The Captain is Dead review
Imagine the high stakes climax of an episode of Star Trek. Enemy aliens are bearing down on the ship, tons of systems are down, and the only hope of survival is stalling long enough to jump to warp speed. This is the exact kind of moment The Captain is Dead aims to capture, albeit in digital board game form. In concept, this should work brilliantly, but the iOS version of The Captain is Dead doesn't quite hold things together.
Activate emergency protocols
The Captain is Dead is a cooperative board game about a starship crew in crisis mode. The ship is in disrepair, hostile forces are closing in fast, and it's up to the four remaining people onboard to somehow maintain the ship's integrity while getting the jump core online.
Each turn, one crew member can carry out a series of actions, ranging from repairing key ship systems (like shields) to healing themselves in the event of sustaining an injury. Most key actions in the game require a combination of action points and skill cards, with the former refreshing every turn and the latter being a resource you need to extract from the ship's computer or cargo hold using--you guessed it--action points.
To repair your jump core, you have to extract and use enough engineering skill cards on the jump core system, which is no easy task. At the same time, bad things happen to your ship every turn, all of which can kill your crew if you don't try to attend to them.
Tactical teamwork
Finding a way to put out immediate (and sometimes literal) fires while constantly working toward the win state is the key challenge in The Captain is Dead. Extreme coordination and forethought needs to be put into every move, and even that isn't always enough.
In this digital version of the board game, The Captain is Dead isn't explicitly multiplayer. You can just take turns by passing the device between players or control all the crew members on your own. There's no online multiplayer to speak of, either.
Playability paradox
The most striking thing about The Captain is Dead is its audio and visual design. It uses really loud colors on low-poly models and pairs that with a driving synth soundtrack to make everything pop. Its interface also makes use of ship readout screens and performs circle wipes you might see in a campy sci-fi movie to heighten its visual flair.

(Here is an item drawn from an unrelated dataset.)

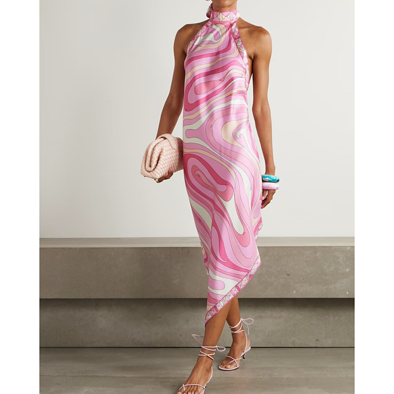 Women's Midi Dress Satin Dress Sundress Summer Dress Boho Dress Fashion Modern Daily Vacation Going out Regular Fit Graphic Sun Sleeveless Halter Neck Black Pink Summer Spring

Unfortunately though, the excellent attention-to-detail that Thunderbox Entertainment poured into this game can't save the troubled core of its source material. The Captain is Dead depends on many, many random elements to create its challenge, to the point that sessions rarely feel satisfying. I could see this kind of gameplay being more enjoyable with friends around a table, but playing it on your own feels somewhere between boring and frustrating depending on how you tweak the difficulty settings and how the cards fall.
The bottom line
I wish Thunderbox Entertainment had taken all of their love for sci-fi camp and applied it to a game that feels more satisfying. At its core, The Captain is Dead is a game driven by chance. I get why you have to do something like that for a board game but, in digital spaces, far more compelling things can (and have) been done with games that have almost the exact same setup.